Oil Deposits
Time Limit: 2000/1000 MS (Java/Others) Memory Limit: 65536/32768 K (Java/Others)
Total Submission(s): 42812 Accepted Submission(s): 24850
Problem Description
The GeoSurvComp geologic survey company is responsible for detecting underground oil deposits. GeoSurvComp works with one large rectangular region of land at a time, and creates a grid that divides the land into numerous square plots. It then analyzes each plot separately, using sensing equipment to determine whether or not the plot contains oil. A plot containing oil is called a pocket. If two pockets are adjacent, then they are part of the same oil deposit. Oil deposits can be quite large and may contain numerous pockets. Your job is to determine how many different oil deposits are contained in a grid.
Input
The input file contains one or more grids. Each grid begins with a line containing m and n, the number of rows and columns in the grid, separated by a single space. If m = 0 it signals the end of the input; otherwise 1 <= m <= 100 and 1 <= n <= 100. Following this are m lines of n characters each (not counting the end-of-line characters). Each character corresponds to one plot, and is either `*', representing the absence of oil, or `@', representing an oil pocket.
Output
For each grid, output the number of distinct oil deposits. Two different pockets are part of the same oil deposit if they are adjacent horizontally, vertically, or diagonally. An oil deposit will not contain more than 100 pockets.
Sample Input
1 1 * 3 5 *@*@* **@** *@*@* 1 8 @@****@* 5 5 ****@ *@@*@ *@**@ @@@*@ @@**@ 0 0
Sample Output
0 1 2 2
@表示油田,斜着也算连着的,连着的@算一块油田,找一共有多少块油田。
很经典的DFS题,之前写过但是在写一遍还是迷路了呀。。。虽然是个水题吧,我还是稍微剪了剪枝。

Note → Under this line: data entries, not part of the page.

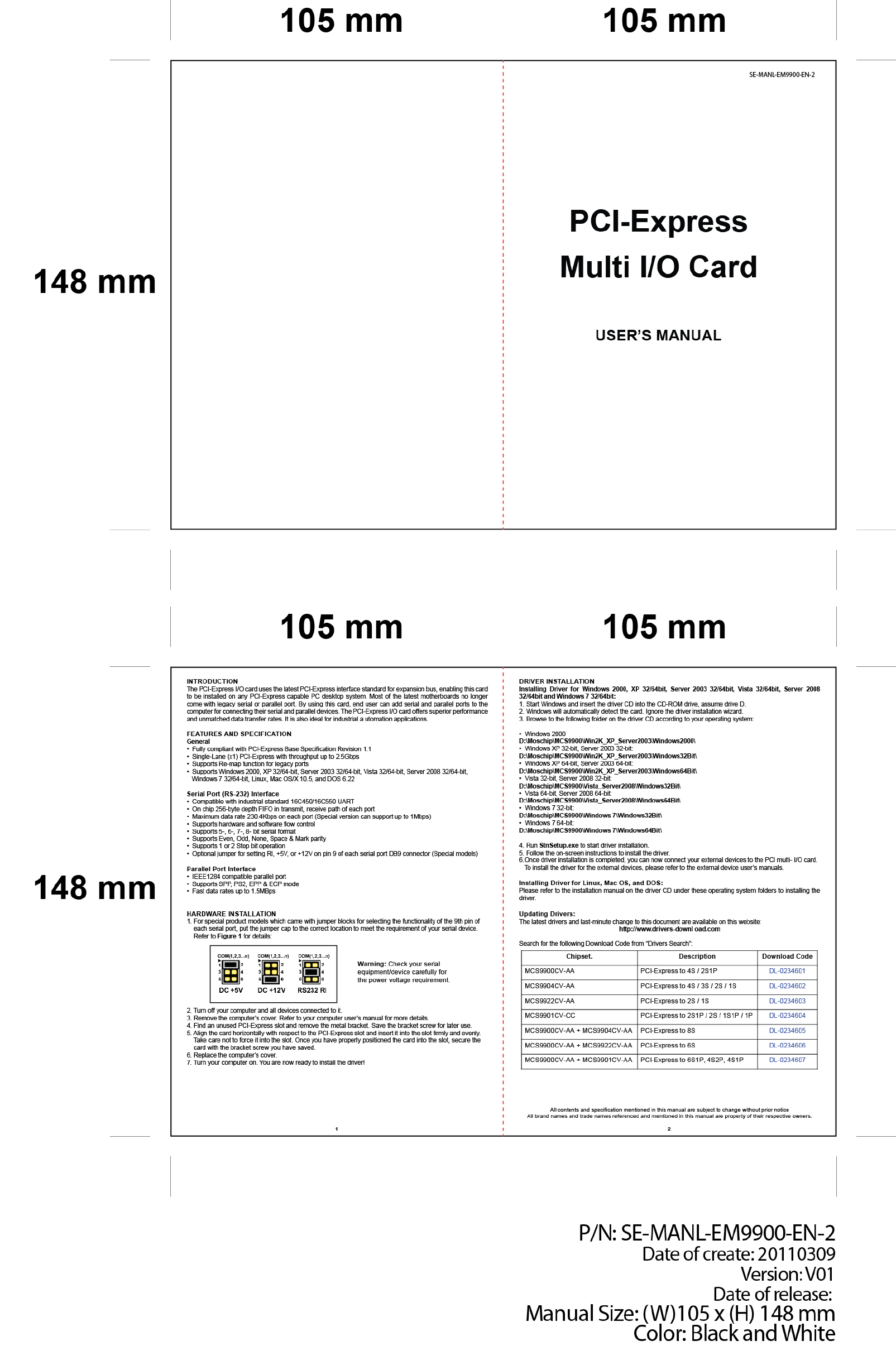 Speed Dragon Multimedia SD-EMT01A PCI-Express I/O Card(4 Serial RS232 Ports Fan-Out Cable) User Manual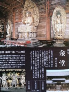 大きな薬師如来(やくしにょらい)を中心に、右手に日光菩薩(にっこうぼさつ)左手に月光菩薩(がっこうぼさつ)。
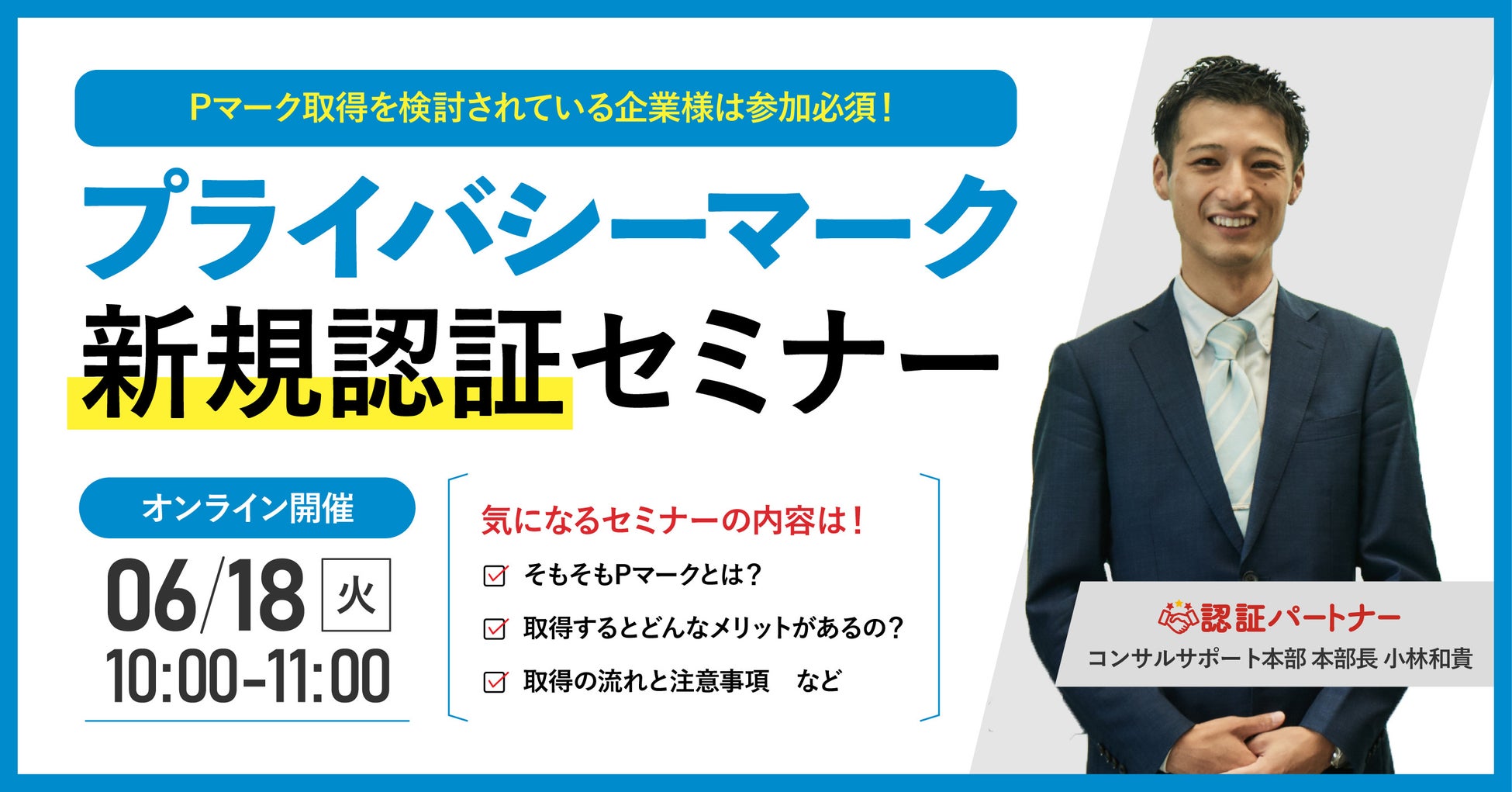 【無料ウェビナー】『プライバシーマーク(Pマーク)新規認証セミナー』6/18(火)10:00-11:00開催

先找到@的位置,然后DFS,把找到的@都改成*。
具体代码如下:
#include<iostream>
#include<string>
#include<cstring>
using namespace std;
char map[102][102];
int d[8][2]={0,1,0,-1,-1,0,1,0,1,1,-1,-1,1,-1,-1,1};
int m,n;
void DFS(int x,int y)
{
map[x][y]='*';
for(int i=0;i<8;i++)
{
int nx=x+d[i][0];
int ny=y+d[i][1];
if(nx<0||ny<0||nx>=m||ny>=n)
continue;
if(map[nx][ny]=='@')
DFS(nx,ny);
}
}
int main()
{
while(cin>>m>>n,m&&n)
{
for(int i=0;i<m;i++)
for(int j=0;j<n;j++)
cin>>map[i][j];
int ans=0;
for(int i=0;i<m;i++)
for(int j=0;j<n;j++)
{
if(map[i][j]=='@')
{
DFS(i,j);
ans++;
}
}
cout<<ans<<endl;
}
return 0;
}